__WORK ITEM__
Transcribe, starting at the line with "音楽では、フェイスシールドな" and ending at the line with "This month's issue", every line of the material below exactly, but leave out the pictures and anything outside that span.

==== STUDY MATERIAL

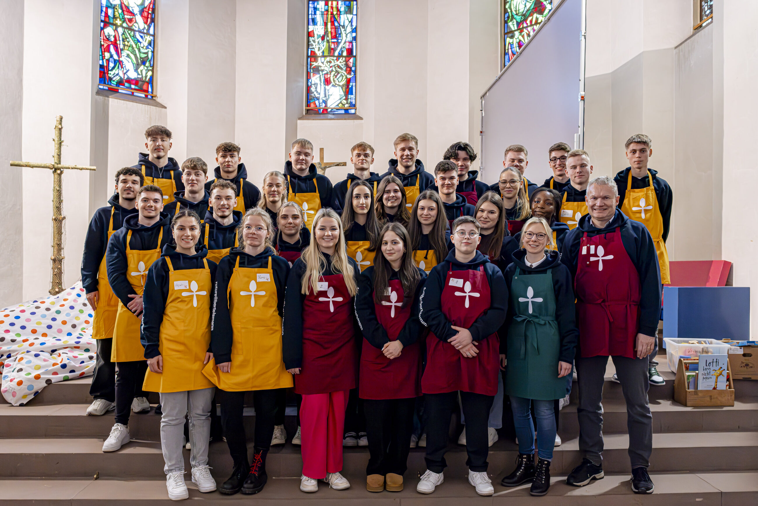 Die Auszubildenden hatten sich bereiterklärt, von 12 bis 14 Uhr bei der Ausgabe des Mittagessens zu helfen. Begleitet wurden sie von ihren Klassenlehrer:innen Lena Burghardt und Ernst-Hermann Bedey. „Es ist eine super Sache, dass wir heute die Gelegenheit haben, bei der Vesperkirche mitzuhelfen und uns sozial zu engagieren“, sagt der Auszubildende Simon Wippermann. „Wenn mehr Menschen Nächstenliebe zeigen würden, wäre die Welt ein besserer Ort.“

========
==== STUDY MATERIAL

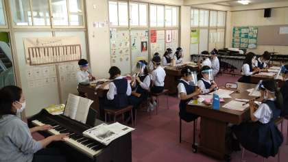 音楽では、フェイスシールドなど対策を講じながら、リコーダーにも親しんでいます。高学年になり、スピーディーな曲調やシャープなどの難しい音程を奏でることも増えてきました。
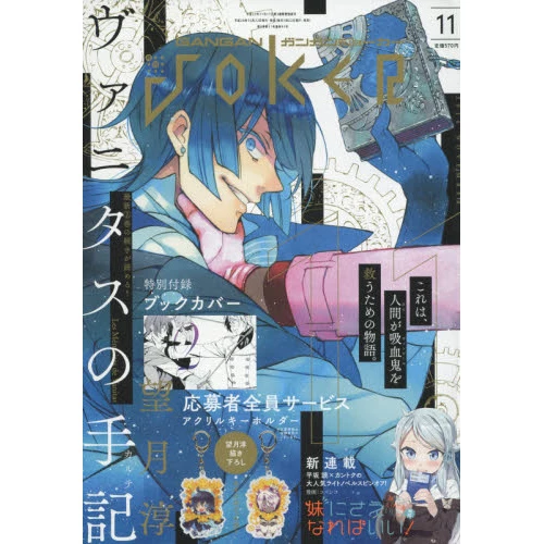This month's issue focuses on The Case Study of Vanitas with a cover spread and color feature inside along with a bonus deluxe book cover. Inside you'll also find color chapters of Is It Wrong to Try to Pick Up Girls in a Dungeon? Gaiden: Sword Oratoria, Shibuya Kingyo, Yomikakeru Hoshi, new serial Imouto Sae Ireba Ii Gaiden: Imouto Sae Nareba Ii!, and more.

========

__RESULT OF THE EXERCISE__
 音楽では、フェイスシールドなど対策を講じながら、リコーダーにも親しんでいます。高学年になり、スピーディーな曲調やシャープなどの難しい音程を奏でることも増えてきました。
This month's issue focuses on The Case Study of Vanitas with a cover spread and color feature inside along with a bonus deluxe book cover. Inside you'll also find color chapters of Is It Wrong to Try to Pick Up Girls in a Dungeon? Gaiden: Sword Oratoria, Shibuya Kingyo, Yomikakeru Hoshi, new serial Imouto Sae Ireba Ii Gaiden: Imouto Sae Nareba Ii!, and more.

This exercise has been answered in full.